Folha de S. Paulo


Tesla e Google seguem rumos diferentes com carros autônomos

Eric Piermont/AFP
Projeto de carro autônomo do Google
Projeto de carro autônomo do Google

No Vale do Silício, onde pequenas e grandes empresas trabalham em carros autônomos, as abordagens adotadas variam muito, e algumas largadas falsas já aconteceram.

Os caminhos mais divergentes podem ser o tomado pela Tesla, que já está vendendo carros com funções rudimentares de autodireção, e o tomado pelo Google, que continua em modo experimental.
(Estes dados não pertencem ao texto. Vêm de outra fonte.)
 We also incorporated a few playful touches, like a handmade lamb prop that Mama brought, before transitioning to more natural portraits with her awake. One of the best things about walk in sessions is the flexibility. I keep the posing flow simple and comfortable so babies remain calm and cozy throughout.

Os esforços iniciais do Google, em 2010, tinham por foco carros que se dirigiriam autonomamente, mas com uma pessoa por trás do volante para assumir o controle ao primeiro sinal de problemas, e um segundo técnico a bordo monitorando o computador de navegação.

Como conceito geral, o Google estava tentando atingir o mesmo objetivo que a Tesla afirma ter atingido com seu recurso Autopilot, que ela vem promovendo no Modelo S. O sistema permite que o carro se movimente sem que o motorista tenha as mãos no volante, mas está sofrendo escrutínio depois de um acidente fatal em uma rodovia na Flórida.
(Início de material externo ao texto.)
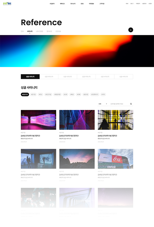 사업분야-레퍼런스는 서로 교차 연결시켜, 각 페이지에서도

Mas o Google decidiu minimizar a importância do aspecto de vigilância humana do experimento em 2013, quando a empresa permitiu que alguns funcionários se sentassem ao volante de carros autoguiados em seus percursos diários de casa para o trabalho.

Engenheiros utilizando câmeras remotas instaladas nos carros para monitorar os resultados ficaram alarmados com aquilo que observaram —uma ampla gama de comportamentos associados à distração, entre os quais motoristas que caíram dormindo.

"Vimos coisas que nos deixaram um pouco nervosos", disse Christopher Urmson, antigo professor de robótica da Universidade Carnegie Mellon e diretor do projeto de carros do Google, naquele momento.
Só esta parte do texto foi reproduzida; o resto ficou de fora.